My column this week is a pretty positive one about some of the ideas in Ross' and Reihan's new book. I'll have some tarter observations, fitting the more cut-and-thrust context of the blog, this week. Not that I'm totally uncritical in the column:
To be honest, I have mixed feelings about this. It smacks a little too much of social engineering and the forces it is supposed to counter the past few decades’ cultural shifts regarding sexuality, marriage and family and the economic pressures of an increasingly globalised world are almost certainly too powerful to be held back.
On the other hand, if the policy is designed merely to mitigate some of the ways in which socially crucial behaviour such as good child-rearing are discouraged, it may be worth trying...
If a tax credit can help one parent devote more time to children, the long-term ripple effects on the next generation could be profound. It’s a tricky balance between clumsy government intervention and a helpful government nudge but one perhaps worth putting on the table.
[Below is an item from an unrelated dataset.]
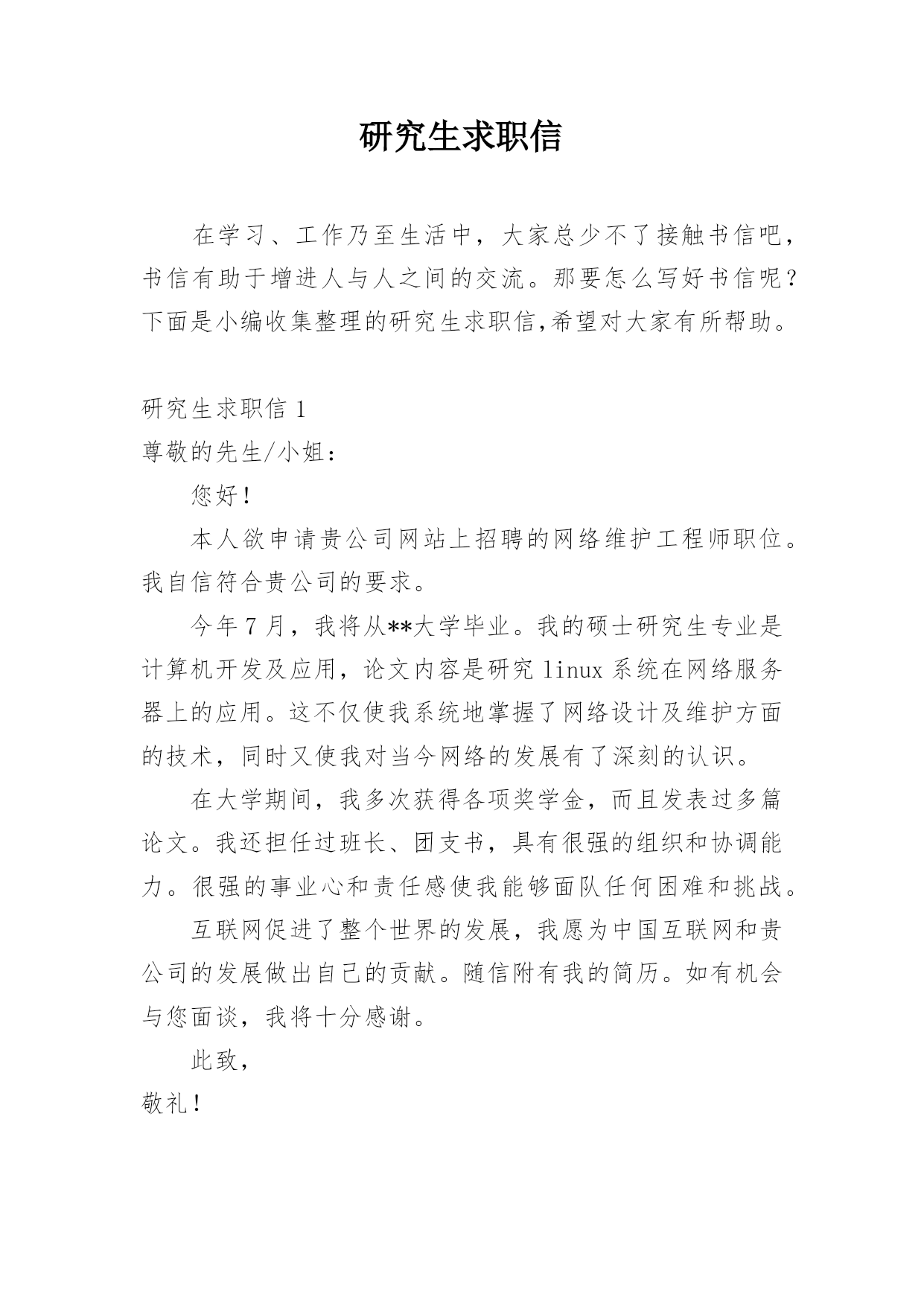 研究生求职信在学习、工作乃至生活中,大家总少不了接触书信吧,书信有助于增进人与人之间的交流。那要怎么写好书信呢?下面是小编收集整理的研究生求职信,希望对大家有所帮助。研究生求职信1尊敬的先生/小姐:您好!本人欲申请贵公司网站上招聘的网络维护工程师职位。我自信符合贵公司的要求。今年7月,我将从**大学毕业。我的硕士研究生专业是计算机开发及应用,论文内容是研究linux系统在网络服务器上的应用。这不仅使我系统地掌握了网络设计及维护方面的技术,同时又使我对当今网络的发展有了深刻的认识。在大学期间,我多次获得各项

Conservatism, after all, has always been a strange mixture of dismay at social loss and pragmatism in helping to ameliorate it. It is not an ideology; it’s a flexible, pragmatic, modest approach to the necessary evil of government. In one era, big tax cuts, deregulation and a much smaller state may be appropriate. In another time, a different emphasis may be more fitting. This is the Tory genius and it’s encouraging to see conservatives on both sides of the Atlantic grope gradually towards reinvention.